* THE TASK *
Give an unaltered copy of the listing below, minus its pictures.

* DATASET SECTION *
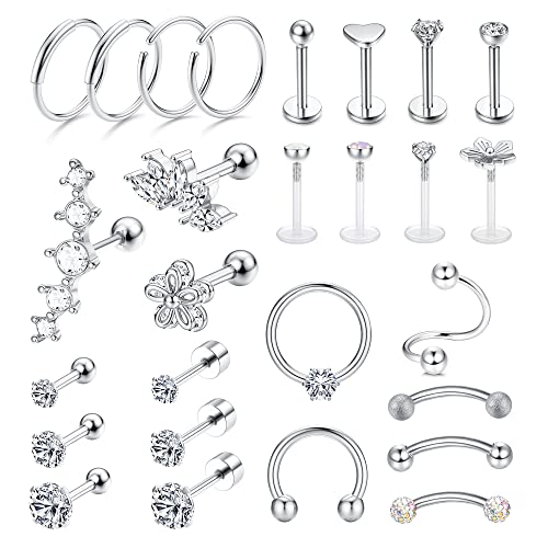 Chriscoco 24 st 16 g tragus piercing smycken rostfritt stål broskörhängen näsring septum ring labret läppsnäcka tragus ring stud örhänge set för flera piercingar helix piercing smycken, rostfritt
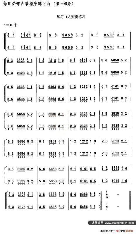 每日必弹古筝指序练习曲(第一部分·11·变奏练习)古筝谱/古琴谱,简谱"
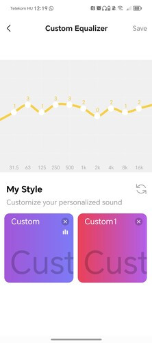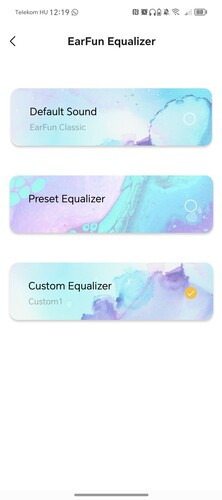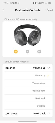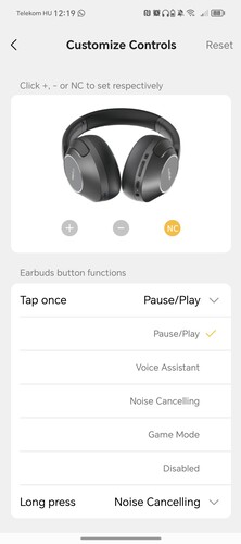 Az NC feliratú ANC gomb alapértelmezetten vált a hangátengedő, normál és zajszűrő módok között egy nyomásra, a hangerőszabályzók pedig a hangerő állítása mellett a lejátszott tartalom léptetésére is jók nyomva tartással. Az Androidra és iOS-re is letölthető Earfun Audio alkalmazásban állítható a hangerőgombok és az ANC feladata, például lehet velük gyorsan kapcsolni a játék módot is, de akár le is tiltható, hogy bármit csináljanak. A bekapcsoló gomb feladatköre nem változtatható, a két másik gomb pedig csak a szimpla nyomást vagy a nyomva tartást képes felismerni, dupla vagy tripla kattintásra nem reagálnak.

* ANSWER TO THE EXERCISE *
 Chriscoco 24 st 16 g tragus piercing smycken rostfritt stål broskörhängen näsring septum ring labret läppsnäcka tragus ring stud örhänge set för flera piercingar helix piercing smycken, rostfritt
 每日必弹古筝指序练习曲(第一部分·11·变奏练习)古筝谱/古琴谱,简谱"
 Az NC feliratú ANC gomb alapértelmezetten vált a hangátengedő, normál és zajszűrő módok között egy nyomásra, a hangerőszabályzók pedig a hangerő állítása mellett a lejátszott tartalom léptetésére is jók nyomva tartással. Az Androidra és iOS-re is letölthető Earfun Audio alkalmazásban állítható a hangerőgombok és az ANC feladata, például lehet velük gyorsan kapcsolni a játék módot is, de akár le is tiltható, hogy bármit csináljanak. A bekapcsoló gomb feladatköre nem változtatható, a két másik gomb pedig csak a szimpla nyomást vagy a nyomva tartást képes felismerni, dupla vagy tripla kattintásra nem reagálnak.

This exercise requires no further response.